Harshness of Incarceration
[7] We take no issue with Mr. Thomas’s submission that a sentencing judge should consider the uniquely harsh conditions of incarceration an offender will experience when calibrating a fit sentence: R. v. Quinn, 2024 ONSC 1073, at para. 49; R. v. Cook, 2010 ONSC 5016, at para. 43, appeal dismissed as abandoned, 2014 ONCA 764. However, we are not satisfied that the trial judge failed to take this into account. She was fully cognizant of Mr. Thomas’s former role as a correctional officer, and no doubt of the reality that given that role, a custodial sentence would pose risks for him if incarcerated. However, the mitigating effect of the hardship of the conditions in which the sentence will be served is itself diminished in this case by the fact that Mr.

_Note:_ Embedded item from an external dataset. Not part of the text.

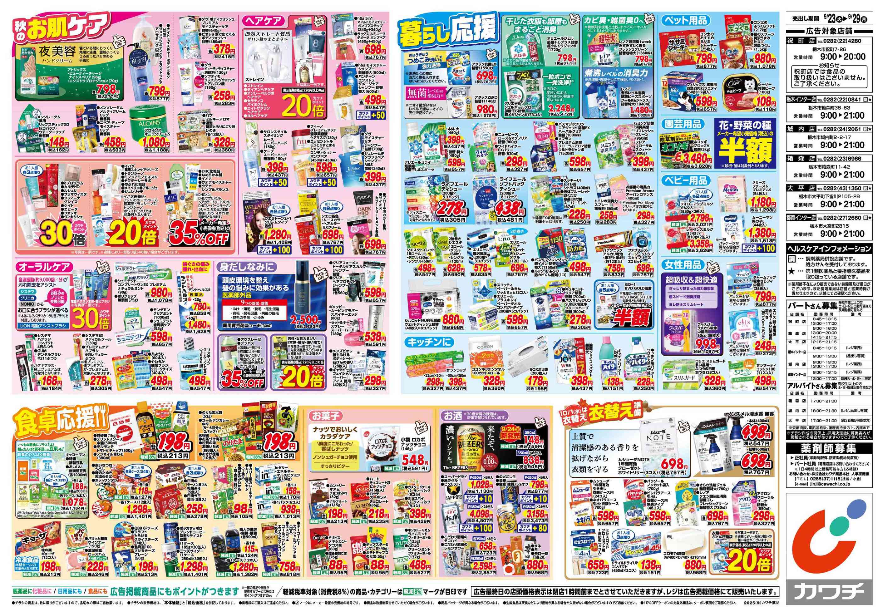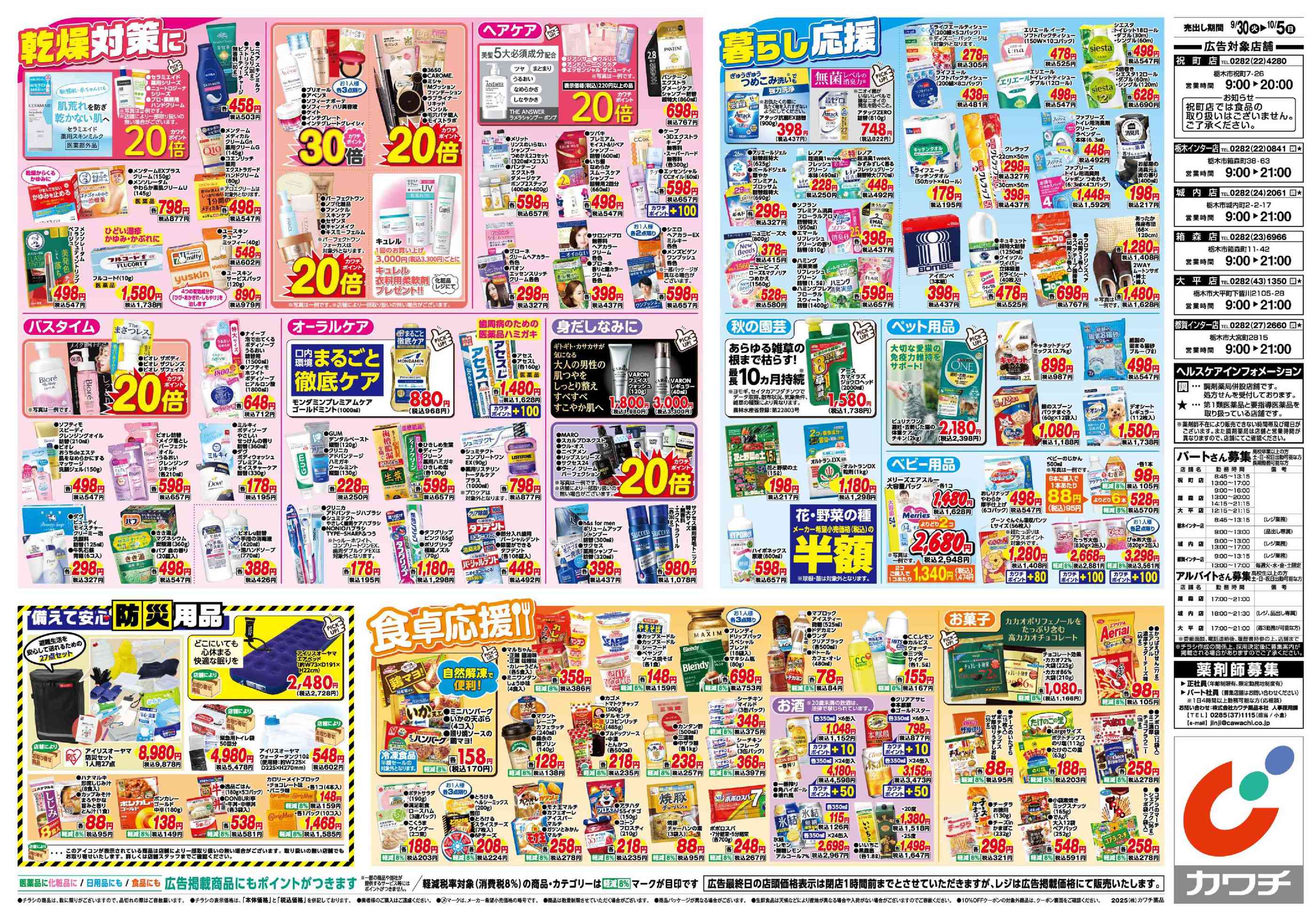 カワチ薬品大平店今週のチラシ(2025年9月29日〜10月5日)

Thomas would have fully understood the risk he was assuming when he acted but was no doubt confident that his very role would protect him. The impact of the fresh evidence of risk to Mr. Thomas is also tempered by (i) the fact that it confirms that his former role as a correctional officer has remained unknown in the prison setting, and (ii) by his current minimum-security classification and placement.
Systemic Racism and Rehabilitation
[8] We would reiterate that Mr. Thomas did not present fresh evidence about his horrendous experiences as a Black man with systemic racism and differential treatment so that he could argue that these experiences reduced his moral fault. He relied on that evidence solely to demonstrate his rehabilitative potential. We therefore see no need to address the Morris factors in this decision.

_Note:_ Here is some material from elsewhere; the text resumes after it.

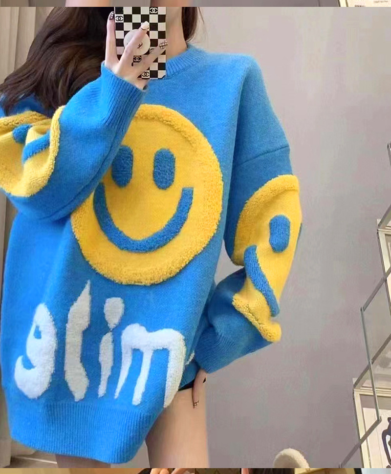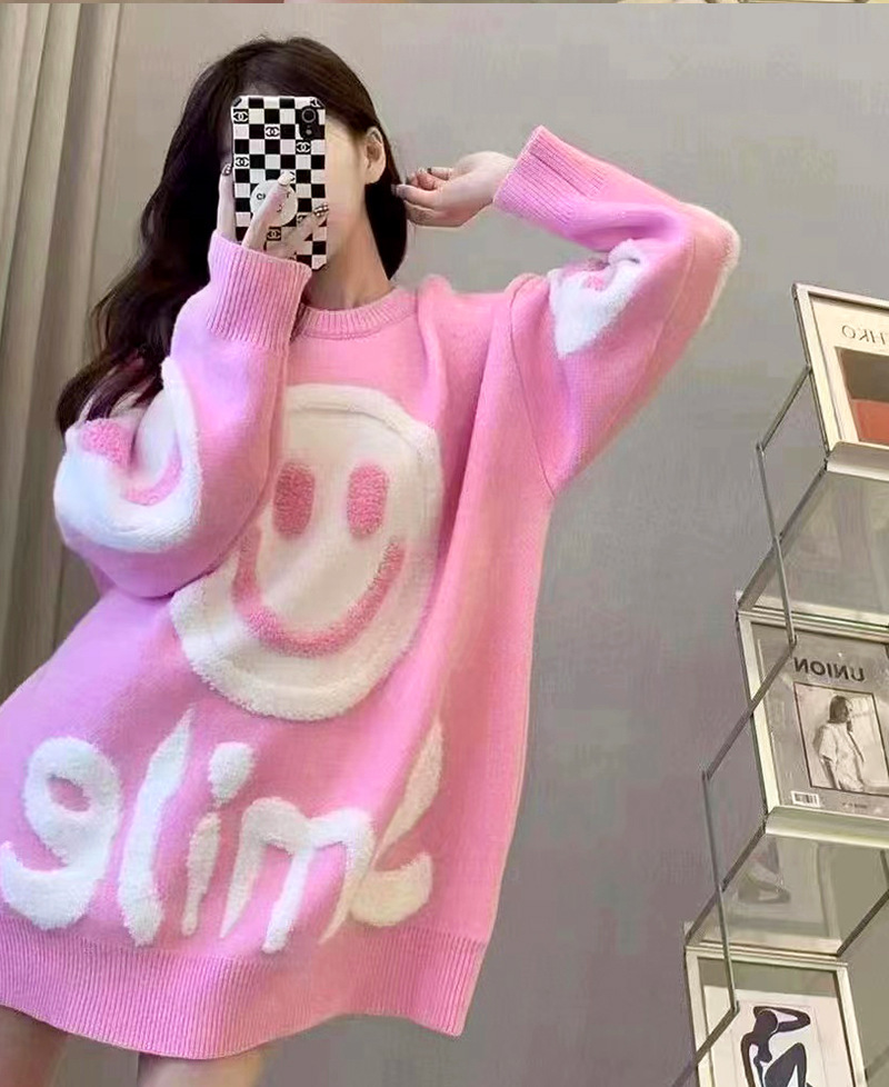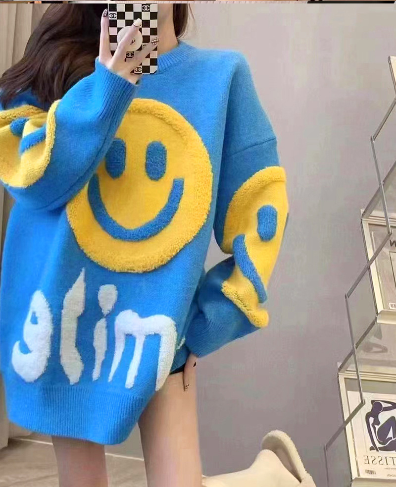 Свободный свитер Osaka, женский осенне-зимний женский модный пуловер средней длины с круглым вырезом и смайликом, вязаный топ

Post-Sentencing Rehabilitation
[9] As for the evidence of rehabilitative efforts taken by Mr. Thomas in custody, they do not represent a material change in circumstances that warrants appellate reconsideration of the sentence imposed. Highly exceptional circumstances are required before we would vary a sentence because of post-sentencing rehabilitative efforts. The commendable work that Mr. Thomas has undertaken does not rise to that level.
Disposition
[10] We therefore found no basis for interfering with Mr. Thomas’s sentence and dismissed the appeal.
“David M. Paciocco J.A.”
“B. Zarnett J.A.”
“J. Dawe J.A.”
Publication Ban
This appeal is subject to a publication ban pursuant to s. 486.4 of the Criminal Code, R.S.C. 1985, c. C-46.